Impact on Industry. Students trained by HetSys will make a significant impact on UK industry as they will be ideally prepared for R&D careers to help to address the skills shortage in science and engineering. They will be in high demand for their ability to (i) work across disciplines, (ii) perform calculations that come along with error estimates, and (iii) develop well-designed software that other researchers can readily use and modify which implements novel solutions to scientific problems. More generally, incorporating error bars into models to take account of incomplete data and insufficient models could lead to significantly enhanced adoption of materials modelling in industry, reducing trial and error, and costly/time-consuming R&D procedures. The global market for simulation software is expected to more than double from now to 2022 indicating a very strong absorptive capacity for graduates. Moreover, a recent European Materials Modelling Consortium report identified a typical eight-fold return on investment for materials modelling research, leading to cost savings of 12M Euros per industrial project.

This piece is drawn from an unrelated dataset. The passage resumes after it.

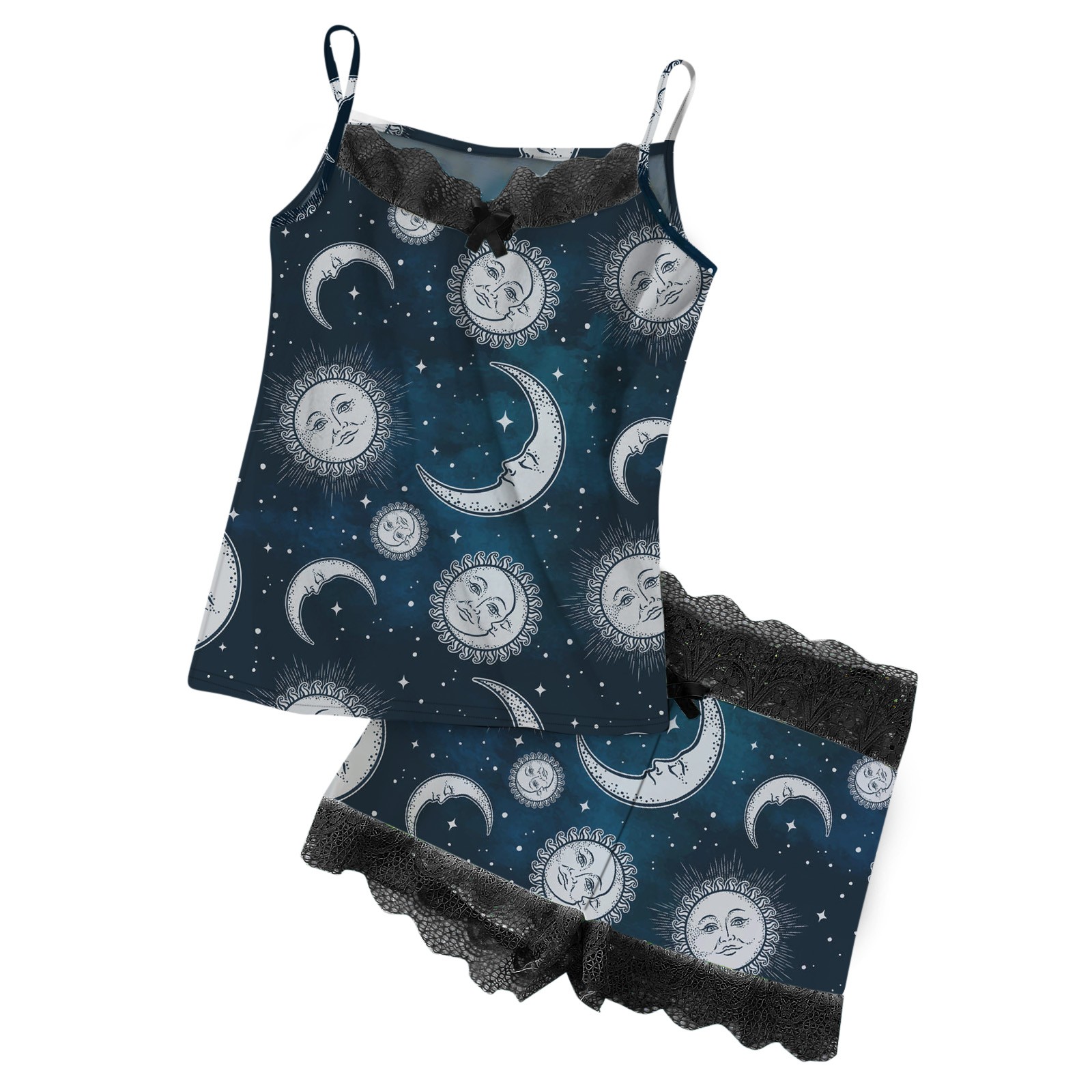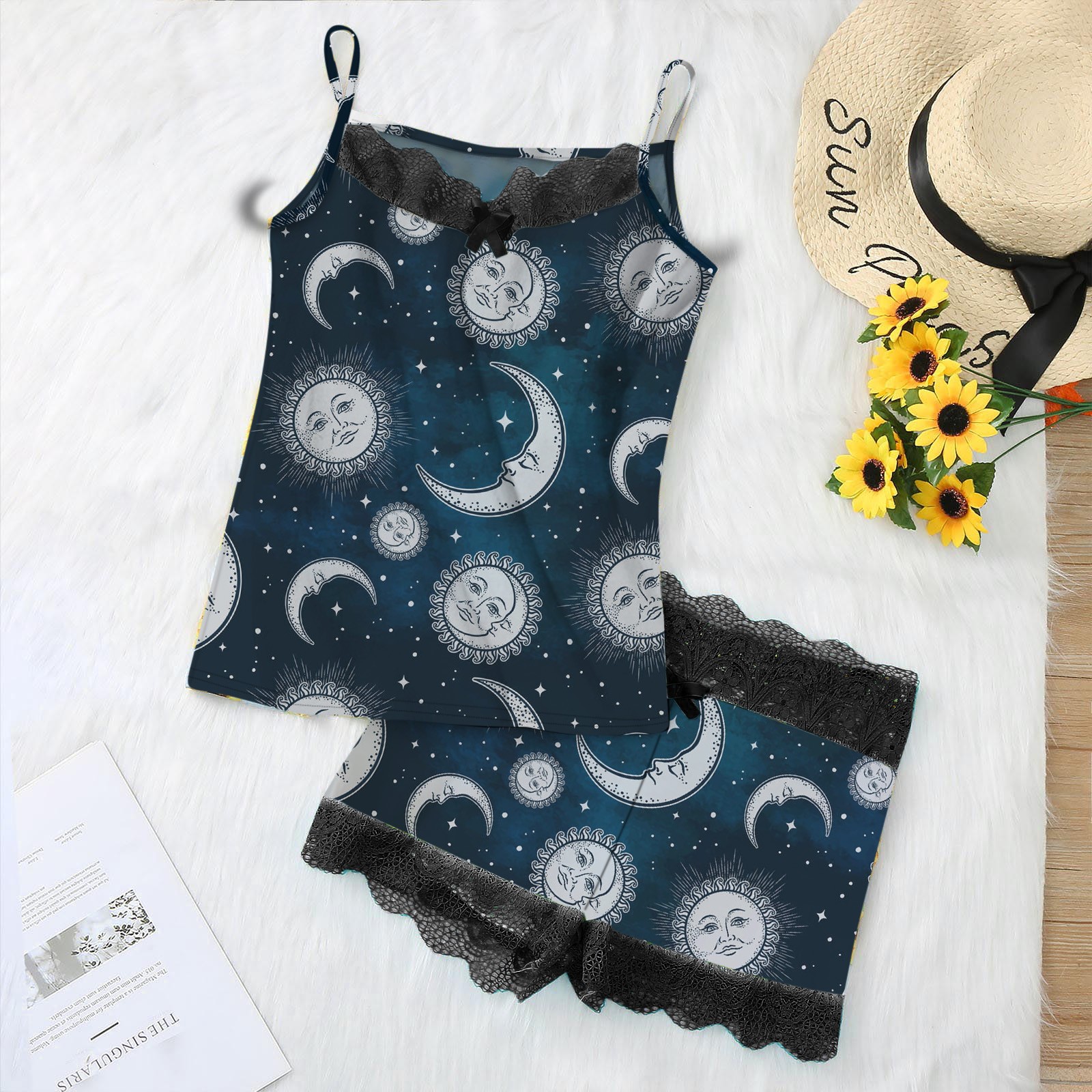Женская модная повседневная одежда для отдыха из двух частей с кружевным принтом; Брюки на бретельках и блузка

Impact on Society. Scarcity of resources and high energy requirements of traditional materials processing techniques raise ever-increasing sustainability concerns. Limitations on jet engine fuel efficiency and the difficulties of designing materials for fusion power stations reflect the social and economic cost of our incomplete knowledge of how complex heterogeneous systems behave. High costs of laboratory investigations mean that theory must aid experiment to produce new knowledge and guidance. By training students who can develop the new methodology needed to model such issues, HetSys will support society's long term need for improved materials and processes.

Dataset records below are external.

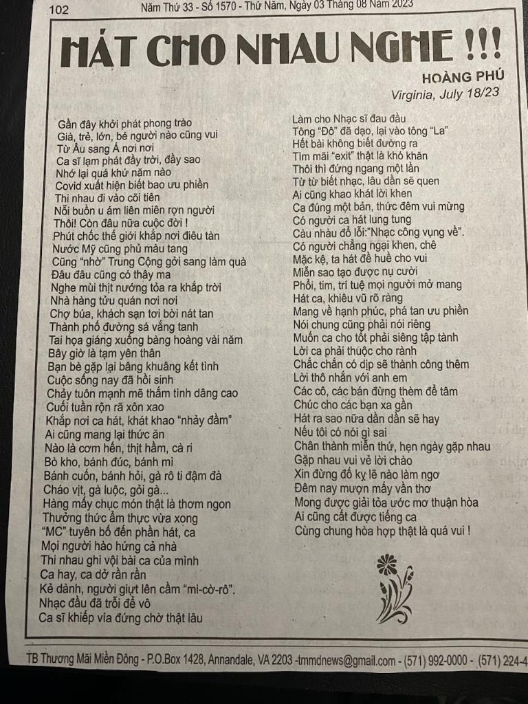 | NGÀY NAY Nhìn Mỹ nầy đây quá cỡ sang, Thức ăn đồ mặc vạn muôn hàng, Chất đầy siêu thị không sao kể, Sản xuất tràn đầy khắp thế gian. Thử bước vào chơi ngắm Costco, Rộng như sân bóng, hàng bày phô. Kệ cao, bàn thấp bày muôn thứ, Vạn khách Tây Tàu kéo mại dô. Chục chỗ thâu tiền thật quá nhanh, Xe mua hàng chứa đống to bành. Thu ngân bấm bấm qua như chớp, Thấy rõ bill ra, card chớp thanh. Tư bản nầy đây lắm phát minh, Bốn mươi năm trước muốn thông tin. Điện đi từng chữ hai đô một, Nay được ngồi nhà chuyển sách in. Nửa kỷ qua internet được phát ra, Thông tin sách vở chóng xuyên qua. Năm Châu kết mạng nhanh đàm thoại, Như chuyện trò nhau giữa một nhà. Đám Cộng ngu cuồng mãi bịp dân, Tối tăm dân trí, khổ muôn phần. May nhờ net phủ, trăm người biết, Thức tỉnh mau lên, chuyện thiết cần. Nhật Quang Phi Hồ (Aug 2023) |
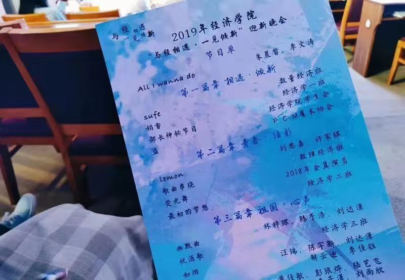 2019年9月29日,由经济学院文艺部、生活部主办,经济学院学生会各部门协助举办的「与经相遇 · 一见倾新」迎新晚会在创业实训中心如期举行。
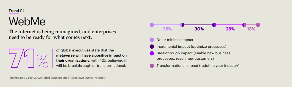 Accenture 설문 조사 응답자의 71%에 따르면 메타버스로 의 전환 은 비즈니스에 긍정적인 영향 을 미칠 것이며 42%는 "혁신적" 또는 "변혁적"이 될 것이라고 말했다.
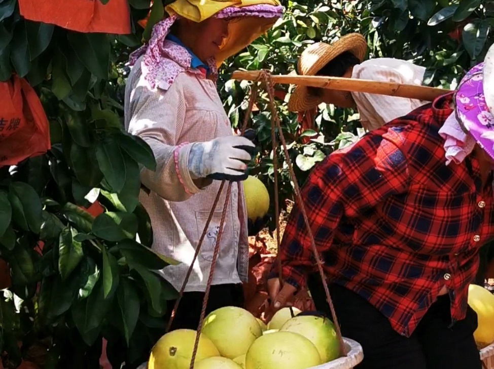 梅州果農(nóng)忙于采摘新產(chǎn)季蜜柚,通過京喜產(chǎn)地直發(fā)到消費(fèi)者家里
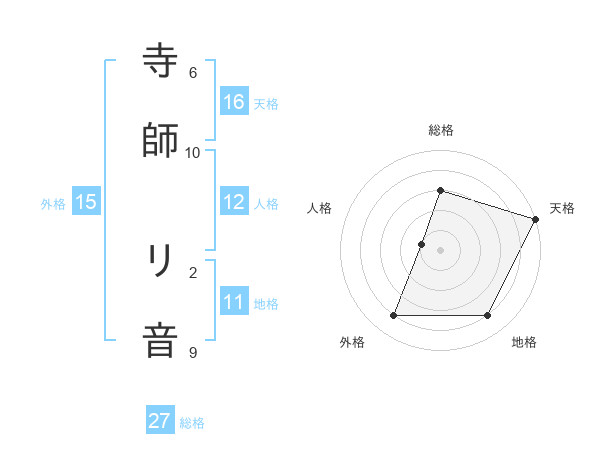 寺師 リ音さんの天格は16画の5点!
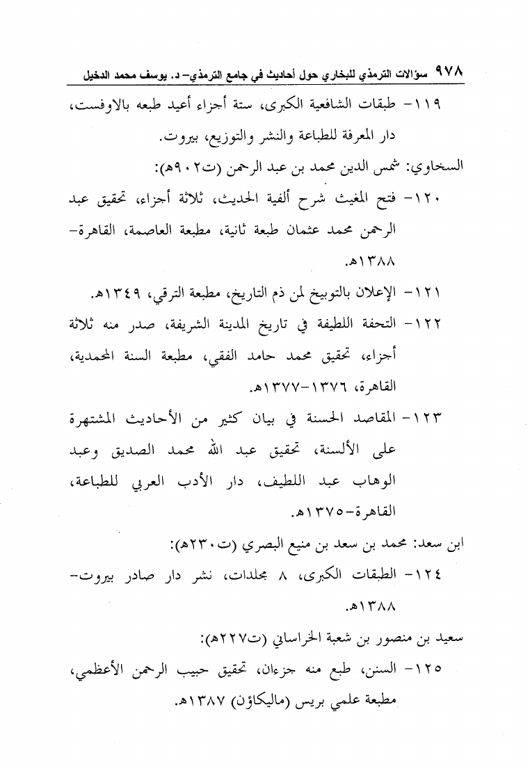 سؤالات الترمذي للبخاري حول أحاديث في جامع الترمذي
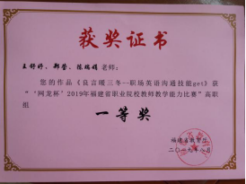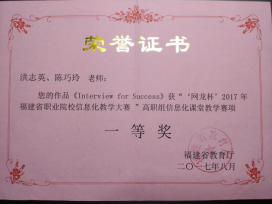 近三年,獲教師教學能力比賽(信息化教學大賽)國家級二等獎1項,省級一等獎3項、二等獎1項、三等獎1項。
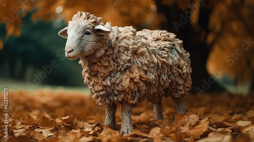 Obraz premium Sheep creature figurine in forest. Generative AI
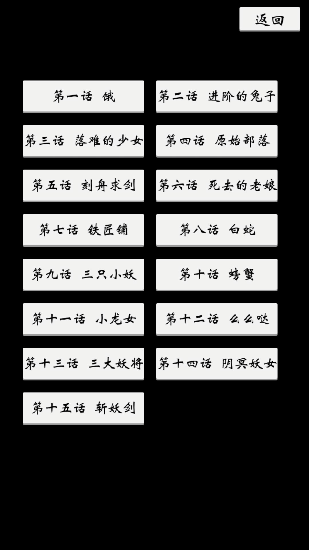 攻略:第一关 拿照妖镜照兔妖 第二关 拿照妖镜,在物品栏持续点击照妖镜,点出碎片,刺兔妖 第三关 对话结束后,点击右下角骷髅堆,拿到斧子,砍树妖,快速点击对话,在倒计时结束之前完成 第四关 和右边狮子部落对话,拿到刀,砍牌子上的猫 第五关 对话选不是,得到匕首,在守剑人脚偏左下刻痕 第六关 到右侧点兔子和红花,得到肉和毒,结合得到毒肉,和假老娘对话,得到封印剑 第七关 将剑交给铁匠,得到戒指,给梓言,得到花,给铁匠,得到剑 第八关 点击菜单,下一关 第九关 留下那个不想死的妖怪 第十关 给渔夫捉螃蟹,我捉了100多个,尽量多捉 第十一关 到海底,说有急用(玩到这心情复杂) 第十二关 输入我爱你!(叹号不能少) 第十三关 第一个揭符,第二个怪能挪走,得到一昧真火,长按得到第二个,再长按得到第三个,第三个怪点击月亮,得到太阳,安到月亮位置 第十四关 选砍她,得到三元经 第十五关 把东西都给师傅
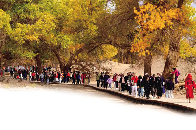 金秋胡楊美景吸引全國各地游客紛至沓來。
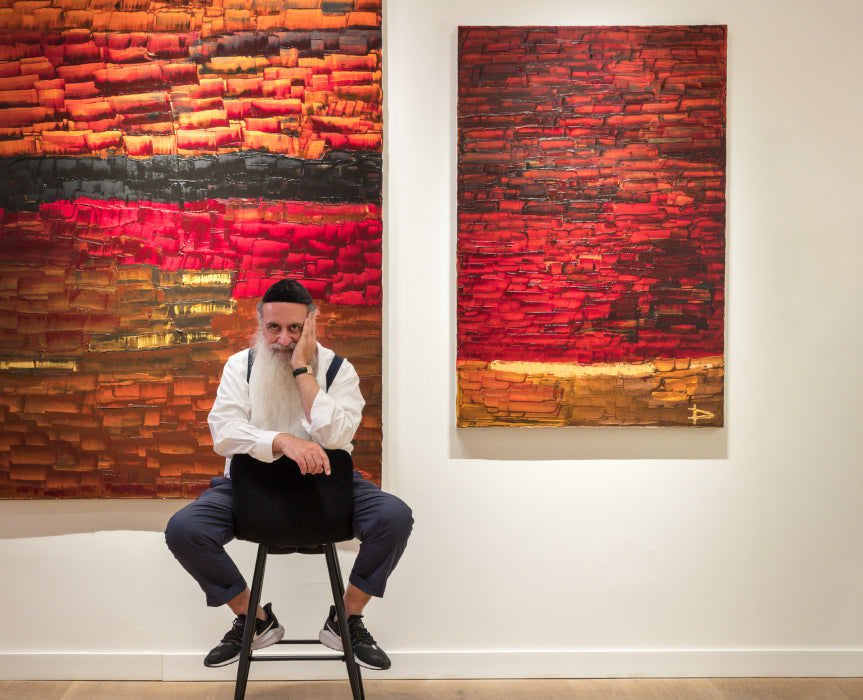 French painter Pierre Soulages was particularly enthralled by Guez’s work, stating: “Overall, from the depths of your painting emanated a mystical ambience.” The aesthetic foundation of Guez’s work suggests a path to an unknowable elsewhere. Whether intentional or not, his recurring angular strokes also evoke ocean tides, a place between lands experiencing moments of turbulence followed by moments of tranquility. This metaphorically alludes to the artist's personal journey and experiences: Born in Tunis, immigrating to Paris as a child, living in Los Angeles during his 20s and 30s, and today residing in Jerusalem. Guez’s artwork has since been exhibited in Venice during the Biennale, where Italian art critic Paolo Levi declared Guez a “master of vision” whose work “reveals itself to every inquiry of the observer as an arcane message.” The artist’s compositions bear witness to the evolution of time and visually symbolize compilations of life’s intricacies. His creative practice speaks to both the internal confrontations we endure on a personal level and the existential concepts that define us on a universal level.

There will also be a direct impact locally and regionally through engagement by HetSys in outreach projects. For example we will encourage CDT students to be involved with annual 'Inspire' residential courses at Warwick for Year 11 girls, which will show what STEM subjects are like at degree level. CDT students will present highlights from projects to secondary-school pupils during these courses and also visit local schools, particularly in areas currently under-represented in the student body, in coordination with relevant professional bodies.

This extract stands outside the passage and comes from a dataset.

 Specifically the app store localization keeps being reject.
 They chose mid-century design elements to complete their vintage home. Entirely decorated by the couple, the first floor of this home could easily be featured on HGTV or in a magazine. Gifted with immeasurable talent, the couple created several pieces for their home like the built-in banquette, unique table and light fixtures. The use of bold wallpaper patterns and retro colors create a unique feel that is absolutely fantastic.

Impact on collaboration. Our international partners have identified the same urgent challenges for computational modelling. We will build flourishing links with research institutes abroad with long term benefit on UK research via our links to computational science networks. Shared research projects will strengthen links between academic staff and industry R&D personnel and across disciplines. The work will also lead to accessible, robust and reusable software. The Centre will achieve cross-disciplinary academic impact on the physical and materials sciences, engineering, manufacturing and mathematics communities at Warwick and beyond, and on the generation of new ideas, insights and techniques.